Manoel Pires e Carolina Resende, respectivamente coordenador e pesquisadora do CPFO, começam esse levantamento em 1995, quando a Resolução número 2 do Congresso criou dois tipos de emenda. A primeira, individual, para representar interesses locais, limitada a 20 por parlamentar. A segunda é a coletiva, de bancada ou comissão, focada em um viés mais estruturante, com limite de dez para bancadas estaduais, cinco para as regionais e cinco para comissões permanentes. Em ambos os casos, não se previu obrigatoriedade de execução, o que deva ao Executivo grande poder de barganhar sobre quais seriam de fato executadas. Com isso, oposição e legisladores propensos a votar contra o Executivo eram induzidos a se alinhar com o governo para terem suas verbas liberadas.

A Lei de Responsabilidade Fiscal (LRF), de 2001, aportou dois principais elementos a essa equação: a meta de resultado primário como alicerce do regime fiscal, com o dispositivo de contingenciamento em caso de risco de descumprimento; e a tendência de superestimação de receitas, jogando o conflito distributivo da elaboração para a execução do Orçamento.  Pires e Resende destacam que, durante os anos 2000, quando houve forte expansão de receita, essa dinâmica foi equacionada pela efetivação de uma arrecadação maior. Quando o crescimento desacelerou e essa superestimação não foi acompanhada de surpresas positivas do lado da receita, entretanto – algo que passou a acontecer a partir de 2011-12 – as diferenças começaram a emergir gerando insatisfação do Congresso, dada a preferência do governo em cortar emendas a gastos discricionários do Executivo.

Evolução das emendas parlamentares no Orçamento Federal

 

Em participação (%) no conjunto das despesas discricionárias


Fonte: Siop, com eolaboração do FGV IBRE De 2014 a 2023, consideram-se valores empenhados. Para 2024, consideram-se valores autorizados.

A reação do Congresso veio na forma de normatização de emendas para garantir recursos e a execução destes, reduzindo o poder do Executivo sobre estas. A Emenda Constitucional 86, aprovada em 2015 criou a vinculação das emendas individuais a 1,2% da receita corrente líquida (RCL), introduzindo ainda uma regra de impositividade, prevendo que seu contingenciamento deveria ser proporcional ao realizado nas despesas discricionárias do Executivo. Já em 2019 a EC 100 criou a vinculação das emendas de bancada a 1% da RCL, e a EC 105 criou o “pix orçamentário”, em que os recursos vão para prefeituras e governo estaduais com total liberdade de alocação. E, na LDO de 2020, foi criada a emenda de relator-geral, conhecida como orçamento secreto, que destina verbas orçamentárias a projetos escolhidos por parlamentares sem identificação destes e com baixa transparência sobre o emprego dos recursos. As emendas de relator foram declaradas inconstitucionais pelo STF em 2022, mas os pesquisadores lembram que parte do acordo político para sua extinção previu um aumento do percentual de vinculação das emendas individuais de 1,2% para 2% da RCL – adicional que equivaleu a metade do valor do orçamento secreto – ao que se somou um aumento das emendas de comissão. O capítulo mais recente dessa história começa na elaboração do PLDO de 2024, em que se discutiu um cronograma de pagamento de emendas, para incrementar o controle da execução orçamentária, e o veto do presidente Lula a R$ 5,6 bilhões em emendas da comissão, com a reação do Congresso na tentativa de derrubar o veto.

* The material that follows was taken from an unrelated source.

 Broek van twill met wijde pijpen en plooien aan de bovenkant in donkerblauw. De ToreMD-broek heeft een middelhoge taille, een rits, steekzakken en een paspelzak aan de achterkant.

Destino dos recursos em 2023
(% por área)


Fonte: Siop, elaboração FGV IBRE. *Em encargos especiais, 98% se refere ao Pix Orçamentário.

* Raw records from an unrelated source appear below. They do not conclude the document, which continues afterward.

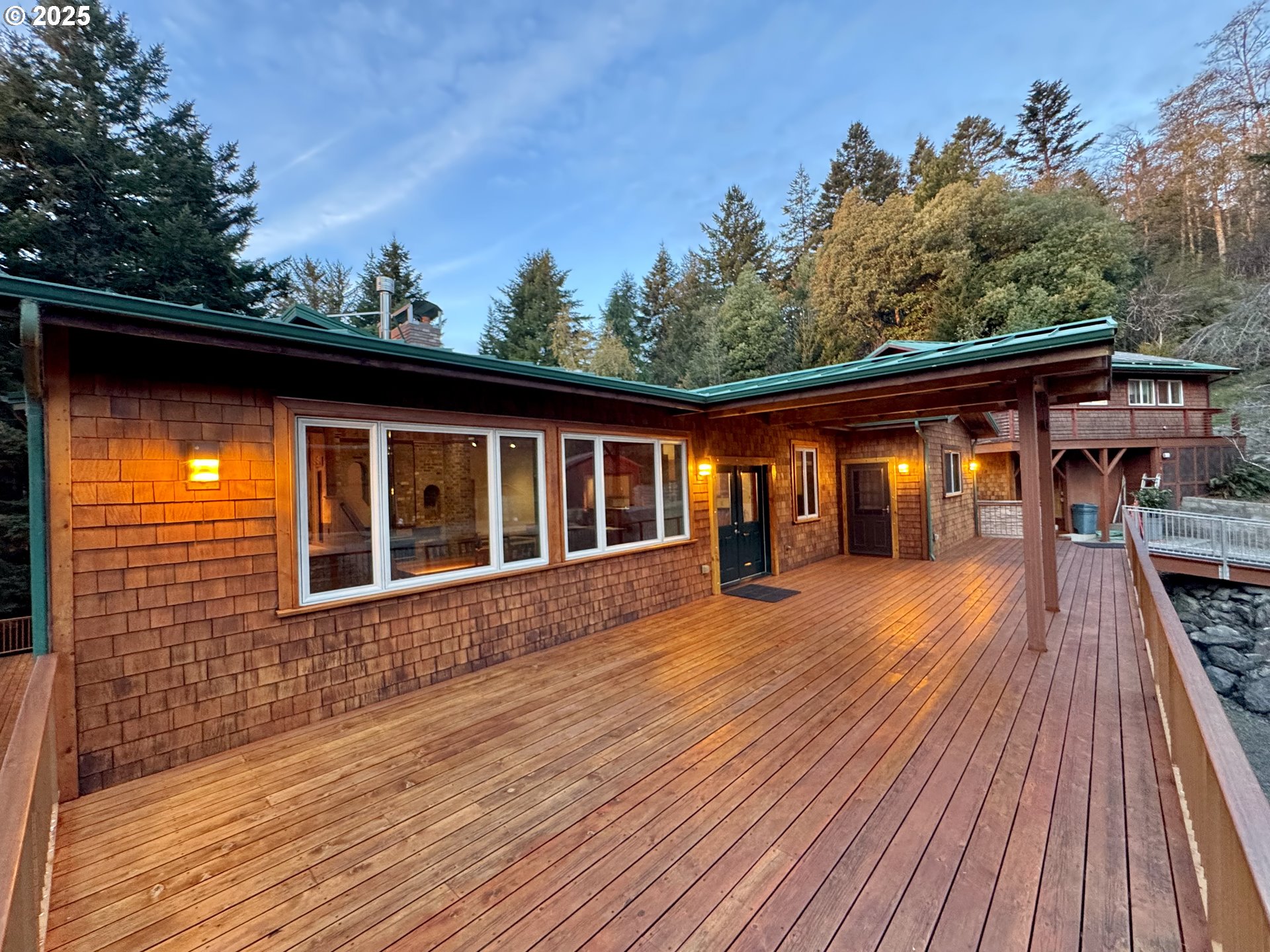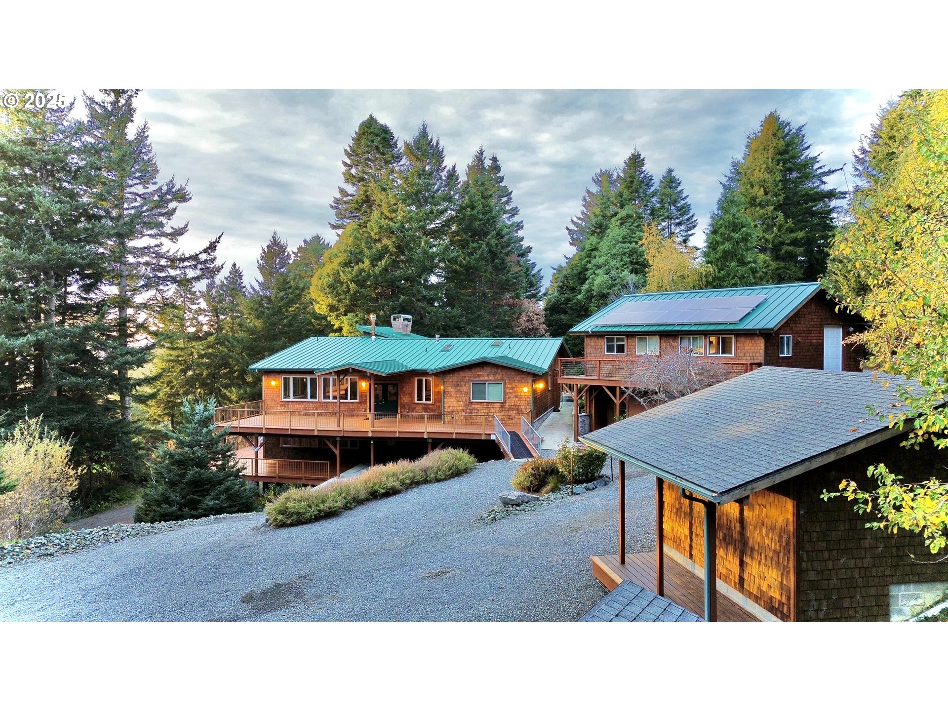 (503) 893-8874Exceptional Custom Home on the coast with stunning Ocean and Hunter’s Island views. Designed for sustainable living, this property supports both on-grid power and a full off-grid alternative energy system. The home includes two independent power circuits, traditional electric, and a solar/battery/diesel generator system, plus cable internet, modem, and satellite capabilities.Enjoy ocean views and sunsets from quality bi-level decks, with the lower level covered for year-round use. This nearly 4,000 sq. ft. home offers 4 bedrooms, 4 baths, skyline ceilings, heated floors, granite countertops, a detached guest house with a full kitchen plus its own 1-car garage, and an extra-large shop with indoor parking for up to 5 vehicles. A 10x12 door leads into an extreme heavy-duty steel-girder shop, plus a fully functioning greenhouse. The property spans 8.3 acres on two tax lots; the second lot has potential for development, subject to buyer due diligence and county approval. The gated entrance ensures privacy.The main home was almost entirely rebuilt between 2006–2013, with approx. 85% of the original structure was removed. It has never been lived in since completion and has been kept heated and meticulously maintained. Features include new appliances, reinforced foundation, new drain field, two-part concrete septic, heavy-gauge rolled-on-site standing seam metal roof, Diamond-Finish Red Oak floors, extensive concrete work, and skilled craftsmanship throughout.Self-sustainable elements include a sweet-water well plus a second irrigation well, four holding tanks, propane heat, fireplaces, wood stove, diesel generator with exhaust piping, solar power, fireproof rooms, and an indoor fire protection sprinkler system. Mature fruit trees include Meyer lemon, plums, apples, and a producing Bosc pear tree. Located at the end of a quiet road amid old-growth Douglas firs, this retreat is peaceful yet close to Gold Beach and 22 miles from Brookings.View by appointment only.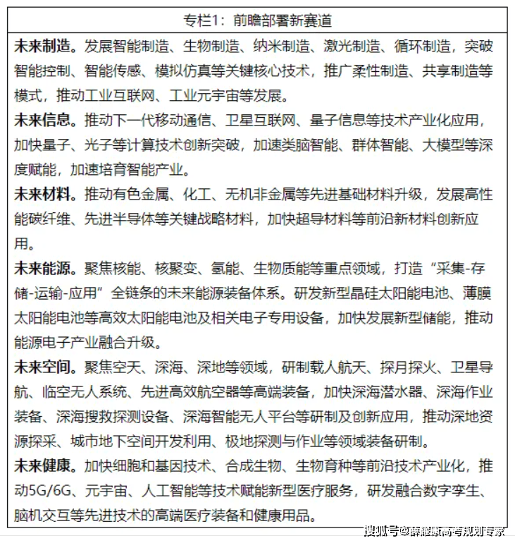 正在规划计谋性新兴财产成长的同时,国度层面临将来财产进行了前瞻谋划摆设。《关于鞭策将来立异成长的实施看法》中显示,沉点推进将来制制、将来消息、将来材料、将来能源、将来空间和将来健康六大标的目的财产成长。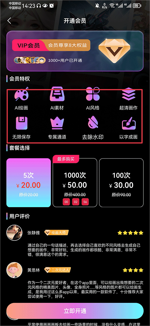 除此之外,AI画师app中还有大量的其他用户绘制的AI绘画,用户都可以随意浏览和下载,而且开通会员更是能享有会员的专属特权,例如无限保存、专属通道、去除水印、超清画作等等。总之在这里,你将成为自己的画师,挥洒自己的灵感,尽情释放你的灵感,海阔凭鱼跃,天高任鸟飞!感兴趣的话不妨来下载体验一下吧!

Na avaliação dos pesquisadores do CPFO, que inclui Braulio Borges, é irrealista a defesa de se voltar à situação inicial das emendas parlamentares, seja quanto ao seu volume seja quanto ao pode de decisão do Executivo em executá-las ou não. “É muito difícil voltar ao que era”, afirmou Pires ao Valor. “A experiência de democracias mais avançadas, com processos orçamentários fortalecidos, mostra um papel mais relevante do Poder Legislativo em coordenar políticas públicas com o Executivo do que vemos aqui.” Para os pesquisadores, o caminho é, como dizem na Carta do IBRE, “encarar a atual situação como um processo em que o Congresso precisa definir de maneira mais clara seu papel na gestão orçamentária. E, nesse processo, corrigir vícios de atuação, definir as prioridades alocativas, monitorar a execução do orçamento e avaliar o que está sendo executado”.

Na Carta, são enumeradas algumas sugestões para aprimorar a interação Legislativo e Executivo:

- capacitar o Congresso Nacional, melhorando sua estrutura técnica e qualificando o método de definição de emendas.

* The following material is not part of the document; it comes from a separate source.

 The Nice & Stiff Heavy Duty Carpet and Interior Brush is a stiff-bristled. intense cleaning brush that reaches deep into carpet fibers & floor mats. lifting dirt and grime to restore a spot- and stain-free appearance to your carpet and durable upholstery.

- promover uma avaliação de retorno econômico e social das emendas, estabelecendo critérios mínimos para inclusão no orçamento público.

- regulamentar a indicação de beneficiários das emendas de comissão, mitigando a volta da dinâmica do orçamento secreto, em que um parlamentar pode dispor do recurso da forma que quiser.

- criar condições para fiscalizar as transferências especiais, as chamadas “emendas PIX”.

- e, no médio/longo prazo, fortalecer as comissões temáticas (que tratam de saúde, educação etc.) para ampliar sua interação com as áreas setoriais do governo, ao mesmo tempo que devem ganhar mais força política no Congresso Nacional.

Borges, por sua vez, sugere a criação de uma assessoria como o Congressional Budget Office (CBO) dos Estados Unidos, que em conjunto com a Joint Committee on Taxation (JCT), “elenca prioridades em variados tipos de políticas públicas, definindo custos e benefícios das diversas propostas legislativas  – incluindo os impactos macroeconômicos sobre PIB e emprego, bem como a resposta comportamental dos agentes a essas mudanças propostas”.

O importante, destaca Resende, é mudar o tom do debate, evitando a ideia de criminalização das emendas parlamentares. “Um retorno ao passado é de certa forma o afastamento do Congresso do processo orçamentário”, disse ao Valor, reforçando que as experiências internacionais mostram que o caminho a se trilhar é o contrário.

 


As opiniões expressas neste artigo são de responsabilidade exclusiva do autor, não refletindo necessariamente a opinião institucional da FGV.